An Idea to Improve Connectivity of the Graph



Summary:

A Lightning developer brought up a point about state invalidations in Lightning which is not suitable for multi-party negotiations beyond two parties because the potential reactions to a party cheating grows exponentially in the number of parties in the contract. The Channel Factories paper relies on the Duplex Micropayment Channel construction instead of retaliation construction in LN. ZmnSCPxj asked Abhishek Sharma about the details of Bitcoin transactions, how commitment transactions spend and requested a graph of transaction chains that ensure correct operation of this idea. He also referenced the Burchert-Decker-Wattenhofer Channel Factories paper and asked how it's different from Sharma's idea. Sharma proposed a specific kind of transaction where three parties commit their funds all at once and are able to move their funds between the three open channels between them.
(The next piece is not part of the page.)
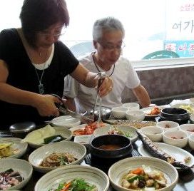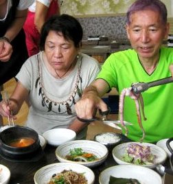 ![]() ![]() ![]() 本来はカニを食べに機張市場キジャンシジャンへ行く予定が、時間がかかるとの理由で中止(ガイドが行きたくない?) 軽い昼食を頼むと、龍宮寺近くの店に案内。 地元民の食堂の感じで、安いが味はちょっと!タコをハサミで切る。 |
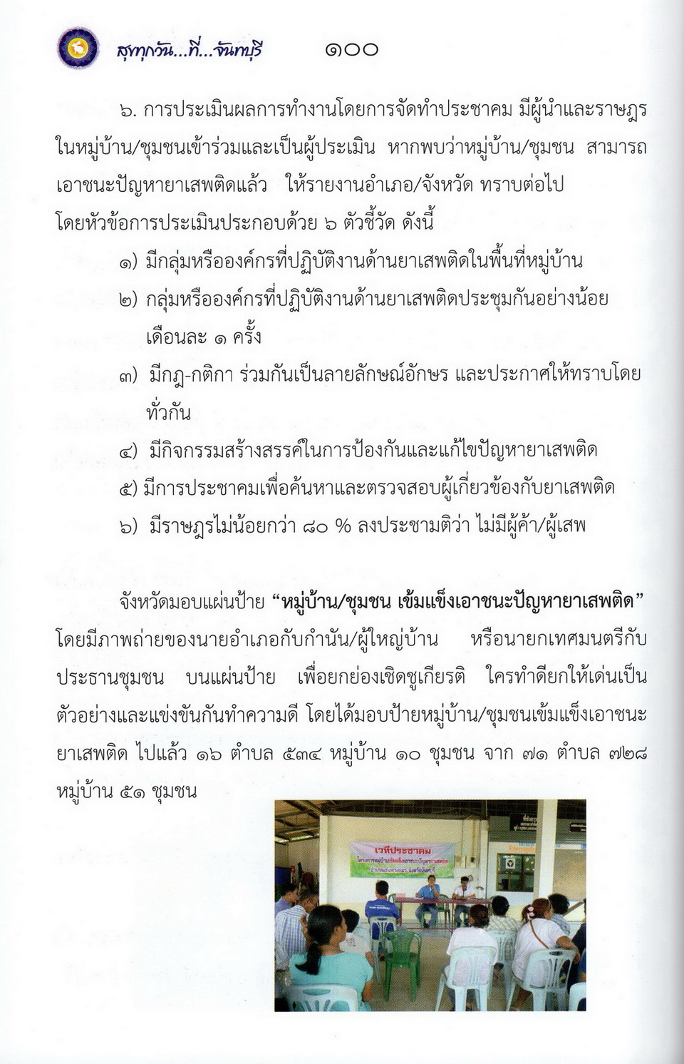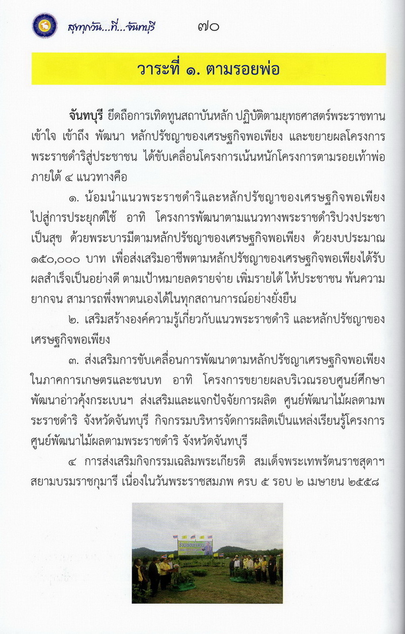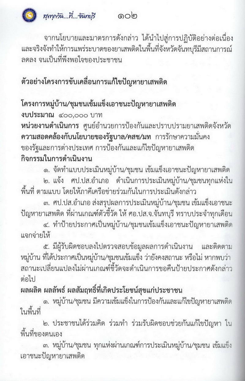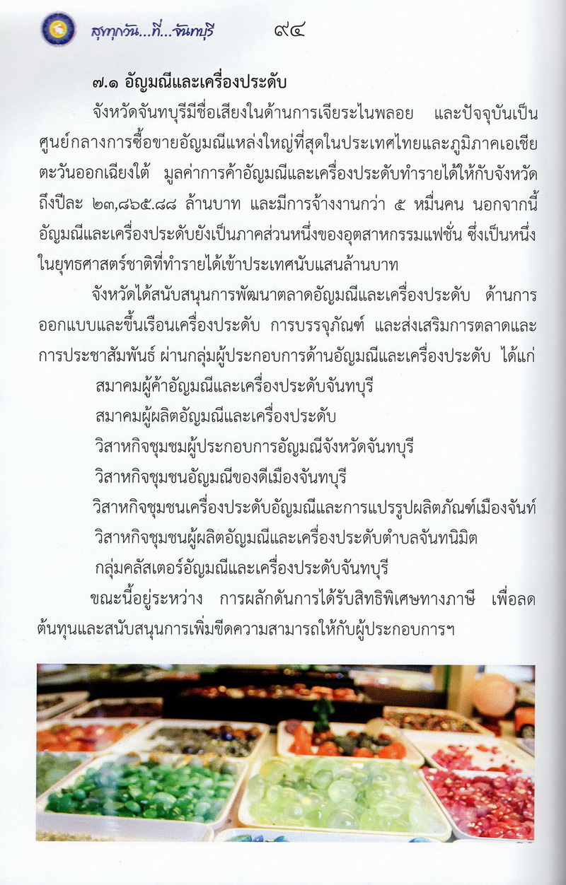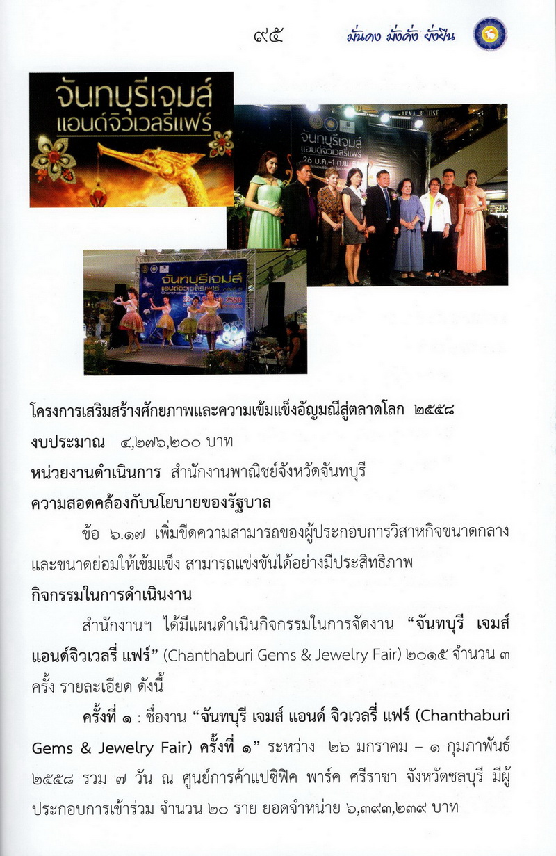- เป็นหนังสือที่ให้ข้อมูลเกี่ยวกับจังหวัดจันทบุรีในรอบปีที่ผ่านมา (กันยายน 2557 - สิงหาคม 2558) ในด้านคุณภาพชีวิต เศรษฐกิจ ความมั่นคงปลอดภัย ความเป็นอยู่ การเกษตร การท่องเที่ยว อัญมณี และเครื่องประดับ ธุรกิจการค้าและการค้าชายแดน

This provides users with an ability to route their transactions better with fewer total channels needing to be open. He gave an example of his idea and illustrated how it could improve users' ability to route their transactions. C always knows, if she is following the protocol, exactly how much should be in channel AB and can prove this. If there were four parties, C couldn't prove on her own that some set of parties colluded to trade on an old balance. He further explained why such a mechanism can be useful and showed how parties can send BTC without opening a new channel and waiting for the network to verify it.